*** Opening SUPPLIED MATERIAL ***

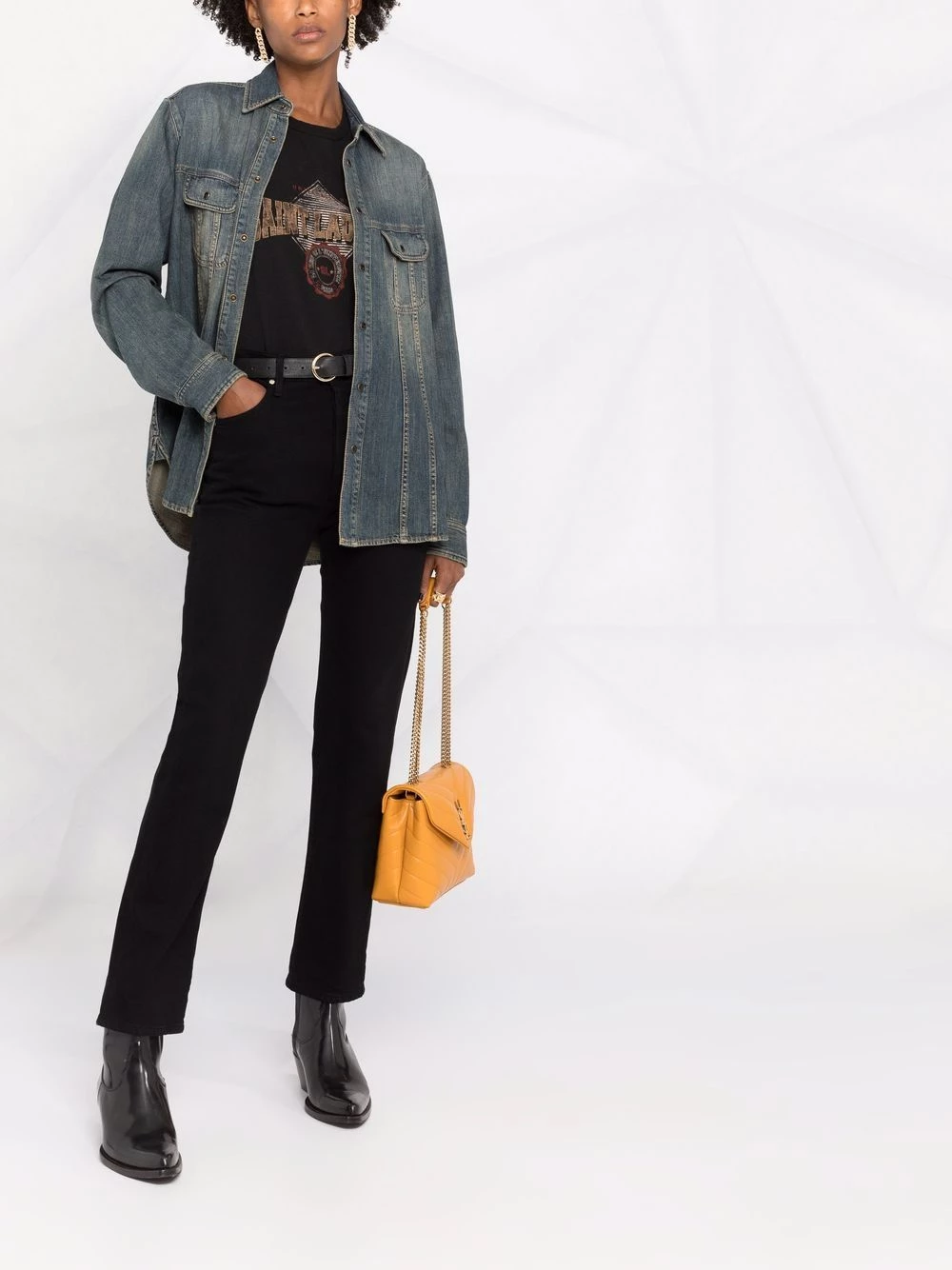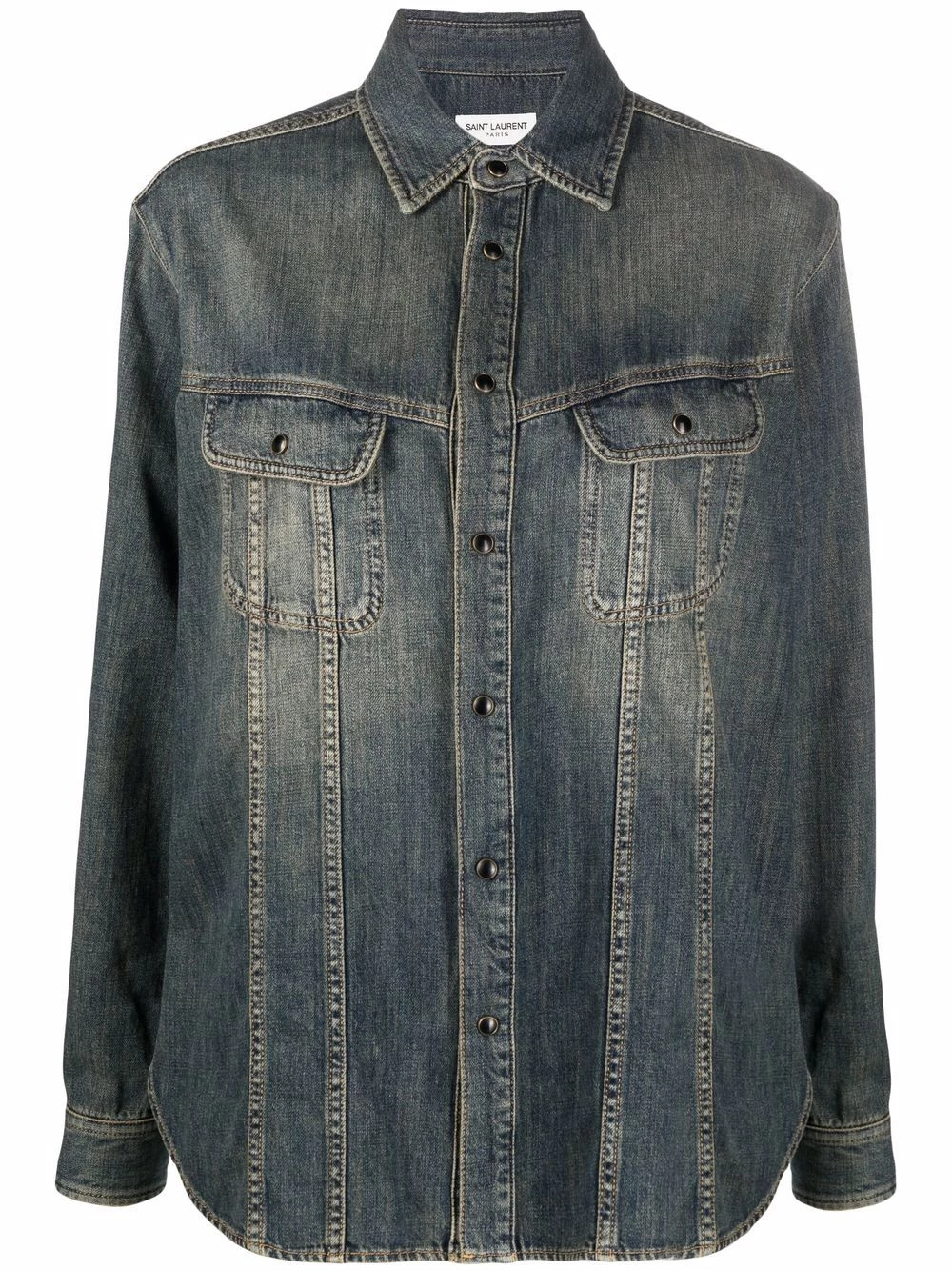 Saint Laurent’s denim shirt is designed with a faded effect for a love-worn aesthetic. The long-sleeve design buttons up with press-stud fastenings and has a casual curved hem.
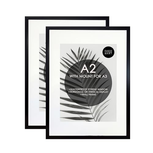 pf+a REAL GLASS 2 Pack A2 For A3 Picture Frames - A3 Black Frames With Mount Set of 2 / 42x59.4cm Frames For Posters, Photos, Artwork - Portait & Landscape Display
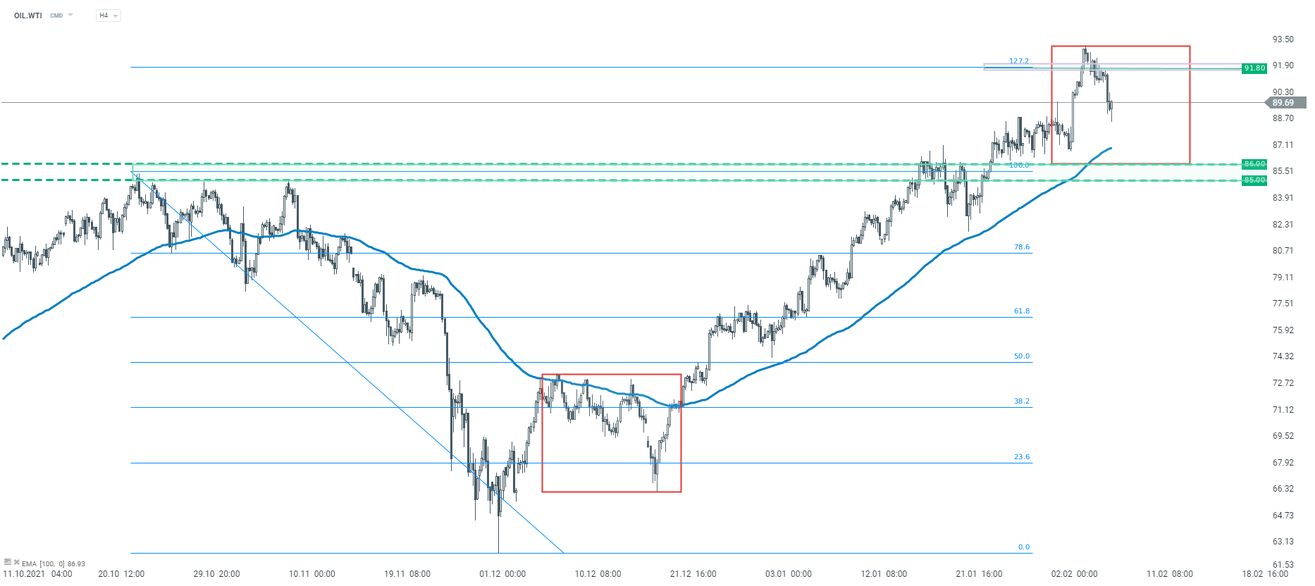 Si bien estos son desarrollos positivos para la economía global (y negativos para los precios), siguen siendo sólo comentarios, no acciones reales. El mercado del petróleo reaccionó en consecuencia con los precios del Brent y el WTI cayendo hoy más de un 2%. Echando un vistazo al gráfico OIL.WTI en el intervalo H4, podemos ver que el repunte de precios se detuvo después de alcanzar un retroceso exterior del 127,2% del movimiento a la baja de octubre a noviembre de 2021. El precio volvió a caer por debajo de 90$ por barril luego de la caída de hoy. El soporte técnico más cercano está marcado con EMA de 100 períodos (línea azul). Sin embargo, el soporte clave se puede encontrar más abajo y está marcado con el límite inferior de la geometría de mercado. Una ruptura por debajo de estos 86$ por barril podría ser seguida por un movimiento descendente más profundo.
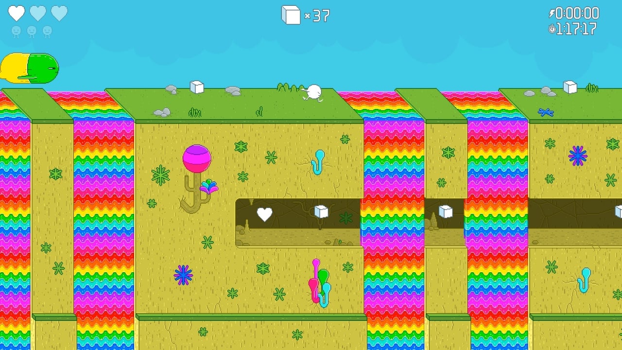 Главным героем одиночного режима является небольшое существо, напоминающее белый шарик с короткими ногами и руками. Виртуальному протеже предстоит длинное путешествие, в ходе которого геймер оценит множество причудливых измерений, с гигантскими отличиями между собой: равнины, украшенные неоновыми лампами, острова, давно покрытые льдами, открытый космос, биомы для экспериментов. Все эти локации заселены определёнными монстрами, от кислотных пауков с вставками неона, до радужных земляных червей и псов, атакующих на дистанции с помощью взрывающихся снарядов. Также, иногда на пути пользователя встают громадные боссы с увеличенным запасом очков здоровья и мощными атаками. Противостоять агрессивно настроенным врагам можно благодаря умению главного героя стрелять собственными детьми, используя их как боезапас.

*** Closing SUPPLIED MATERIAL ***
*** Opening SUPPLIED MATERIAL ***

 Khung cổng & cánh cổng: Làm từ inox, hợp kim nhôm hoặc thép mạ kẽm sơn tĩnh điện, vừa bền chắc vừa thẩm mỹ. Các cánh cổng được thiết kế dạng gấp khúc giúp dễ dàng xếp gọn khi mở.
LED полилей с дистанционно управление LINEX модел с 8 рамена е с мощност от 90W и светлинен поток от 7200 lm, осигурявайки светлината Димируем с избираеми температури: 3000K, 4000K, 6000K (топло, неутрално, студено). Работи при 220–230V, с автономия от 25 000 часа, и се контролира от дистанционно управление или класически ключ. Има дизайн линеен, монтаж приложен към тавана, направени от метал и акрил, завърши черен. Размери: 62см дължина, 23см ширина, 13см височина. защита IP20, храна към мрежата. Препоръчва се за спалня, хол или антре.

*** Closing SUPPLIED MATERIAL ***
*** Opening SUPPLIED MATERIAL ***

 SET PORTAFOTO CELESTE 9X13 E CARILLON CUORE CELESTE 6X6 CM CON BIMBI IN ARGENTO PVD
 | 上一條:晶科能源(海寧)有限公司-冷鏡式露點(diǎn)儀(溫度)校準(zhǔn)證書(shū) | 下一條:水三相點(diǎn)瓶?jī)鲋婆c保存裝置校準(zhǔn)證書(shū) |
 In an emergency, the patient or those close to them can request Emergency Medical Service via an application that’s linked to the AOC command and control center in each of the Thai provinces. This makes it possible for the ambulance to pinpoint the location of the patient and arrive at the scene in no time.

*** Closing SUPPLIED MATERIAL ***

TASK DIRECTIONS: From the records above, print only the lines between the one holding "Khung cổng &" and the one holding "LED полилей с", inclusive, exactly as they stand.

YOUR RESPONSE:
 Khung cổng & cánh cổng: Làm từ inox, hợp kim nhôm hoặc thép mạ kẽm sơn tĩnh điện, vừa bền chắc vừa thẩm mỹ. Các cánh cổng được thiết kế dạng gấp khúc giúp dễ dàng xếp gọn khi mở.
LED полилей с дистанционно управление LINEX модел с 8 рамена е с мощност от 90W и светлинен поток от 7200 lm, осигурявайки светлината Димируем с избираеми температури: 3000K, 4000K, 6000K (топло, неутрално, студено). Работи при 220–230V, с автономия от 25 000 часа, и се контролира от дистанционно управление или класически ключ. Има дизайн линеен, монтаж приложен към тавана, направени от метал и акрил, завърши черен. Размери: 62см дължина, 23см ширина, 13см височина. защита IP20, храна към мрежата. Препоръчва се за спалня, хол или антре.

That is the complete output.